Show that the set $${\mathbb N}^{<{\mathbb N}} = \cup _{k=0}^{\infty } {\mathbb N}^{\{0, 1, \ldots , k-1\}}$$ of all finite sequences of natural numbers is countable.

Here are two standard ways to see that the set of all finite sequences of naturals

$$ \mathbb{N}^{<\mathbb{N}} \;=\;\bigcup_{k=0}^\infty \mathbb{N}^{\{0,1,\dots,k-1\}} $$

is countable.


1. Union of countably many countable sets

  1. Each fixed‑length piece is countable. For each $k\ge1$, the set of $k$‑tuples

    $$ \mathbb{N}^k = \{\, (n_0,n_1,\dots,n_{k-1}) : n_i\in\mathbb{N}\} $$

    is in bijection with $\mathbb{N}$. For example, one can use the usual Cantor–Gödel pairing repeatedly to pair off coordinates:

    $$ \pi:\mathbb{N}\times\mathbb{N}\;\xrightarrow{\sim}\;\mathbb{N}, \quad (a,b)\;\mapsto\;\tfrac12(a+b)(a+b+1)+b, $$

    and then pair $\pi(\pi(n_0,n_1),n_2)$, etc., to get a bijection $\mathbb{N}^k\cong\mathbb{N}$.

  2. A countable union of countable sets is countable. We have

    $$ \mathbb{N}^{<\mathbb{N}} \;=\; \bigcup_{k=0}^\infty \mathbb{N}^{k} \,, $$

    and since each $\mathbb{N}^k$ is countable, their (countable) union is again countable.
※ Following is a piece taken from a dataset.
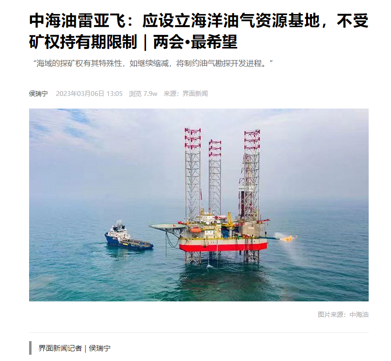 2 界面新闻:中海油雷亚飞:应设立海洋油气资源基地,不受矿权持有期限制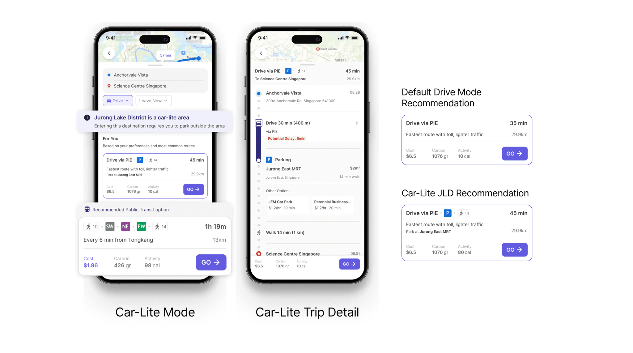 The nudge is designed to be place-sensitive especially the one that related to Jurong Lake District (JLD). As JLD will be a car-lite area, when JLD set as destination, it will give: 1.) Public Transport Recommendation, and 2.) Combination of Parking+Walk/Cycle, as an option to enter JLD area with private car.

Hence $\mathbb{N}^{<\mathbb{N}}$ is countable.


2. Explicit injective coding via prime factorisation

Define a map

$$ \Phi:\mathbb{N}^{<\mathbb{N}}\;\longrightarrow\;\mathbb{N}_{>0} $$

by sending a finite sequence

$$ s=(n_0,n_1,\dots,n_{k-1}) $$

to the integer

$$ \Phi(s) \;=\; 2^{n_0}\,\cdot\,3^{n_1}\,\cdot\,5^{n_2}\,\cdots\,p_k^{\,n_{k-1}} \quad \bigl(p_k\text{ = the }k\text{th prime}\bigr). $$

  • Injectivity. By the Fundamental Theorem of Arithmetic, every positive integer has a unique prime‑power factorisation; in particular, different sequences $s$ give different factorizations, so $\Phi$ is injective.
  • Conclusion. An injective map from $\mathbb{N}^{<\mathbb{N}}$ into $\mathbb{N}$ shows $\#\mathbb{N}^{<\mathbb{N}}\le\#\mathbb{N}$. Since $\mathbb{N}^{<\mathbb{N}}$ is infinite, its cardinality is exactly $\aleph_0$.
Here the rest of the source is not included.